● **WHAT YOU ARE ASKED TO DO**
This task calls for the lines below starting at the one containing "Galáxia espiral NGC" and ending at the one containing "Décédée à Libramont (6800)", repeated exactly with both ends kept and pictures left out.

● **RECORDS PROVIDED**
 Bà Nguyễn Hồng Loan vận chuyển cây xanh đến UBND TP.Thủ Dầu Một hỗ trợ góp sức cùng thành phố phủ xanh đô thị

---

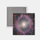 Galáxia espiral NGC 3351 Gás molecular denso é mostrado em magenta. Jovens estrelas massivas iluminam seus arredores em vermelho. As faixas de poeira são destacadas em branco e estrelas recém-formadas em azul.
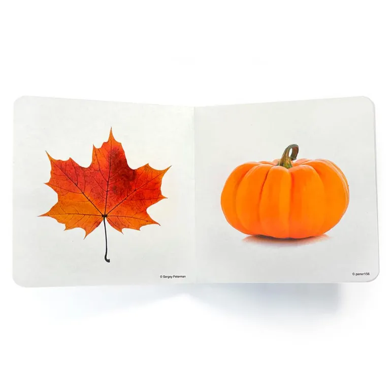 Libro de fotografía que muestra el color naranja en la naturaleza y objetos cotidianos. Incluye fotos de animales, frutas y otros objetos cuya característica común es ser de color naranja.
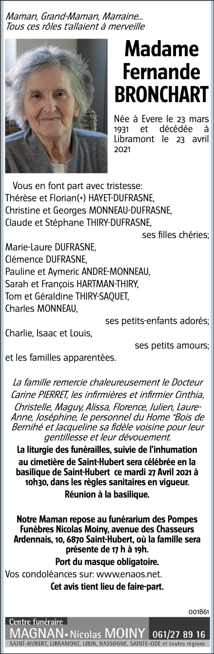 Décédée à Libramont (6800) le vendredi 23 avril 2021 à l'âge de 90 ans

● **REPLY TO THE EXERCISE**
 Galáxia espiral NGC 3351 Gás molecular denso é mostrado em magenta. Jovens estrelas massivas iluminam seus arredores em vermelho. As faixas de poeira são destacadas em branco e estrelas recém-formadas em azul.
 Libro de fotografía que muestra el color naranja en la naturaleza y objetos cotidianos. Incluye fotos de animales, frutas y otros objetos cuya característica común es ser de color naranja.
 Décédée à Libramont (6800) le vendredi 23 avril 2021 à l'âge de 90 ans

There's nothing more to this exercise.